ERISA did not preempt claim seeking replacement of missing ESOP certificates

ERISA did not preempt a claim filed under a California statute by the owner of shares in an ESOP account asking that lost share certificates be replaced, the U.S. Court of Appeals in San Francisco (CA-9) has ruled.

Under Cal. Corp. Code §419(b), if a corporation refuses to issue a new share certificate to an owner who alleges the original has been lost, stolen or destroyed, the owner may file suit in state court to require the corporation to issue a new certificate.

The plaintiff sought to compel a corporation to replace lost certificates for shares that were formerly in his account in an ESOP no longer in existence. The corporation asserted that the stock certificates had been sent to the plaintiff. The district court granted judgment for the corporation.

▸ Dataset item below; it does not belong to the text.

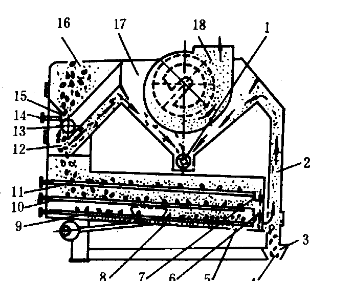 图1 谷物种子加工流程 预处理 见种子加工预处理。 清选分级 其作用目的见种子加工。清选多采用风筛清选机(图2)。喂入料斗的种子进入气流之中,在气流作用下将轻杂物去除,余下的种子经过筛子分选,筛除比作物种子大和小的杂质,包括杂草种子、其他作物种子或损坏的种子。同时又经过后吸风道的气流,将重量轻的未成熟的种子、颖壳等杂质吸到沉降室,而饱满及成熟的种子落下。 经过清选后的种子,再按种子的尺寸长度、宽度、厚度和比重的差异选出合格的种子,并分成等级。

The Ninth Circuit reversed and remanded the lower court’s ruling. ERISA did not preempt the state law claim. A request for a replacement of a lost certificate requires no interpretation of plan terms. The duty to replace lost certificates is placed on the corporation that issues the shares and is a duty independent of ERISA.

Proper defendant

The district court erred when it ruled that the corporation was not a proper defendant. The plaintiff asserted the corporation had been the plan administrator. Given the evidence at the pleadings stage of the litigation, it was not implausible to hold the corporation responsible as the plan administrator. And, even if the corporation was not the plan administrator, based on the alleged circumstances, the corporation was still a logical defendant.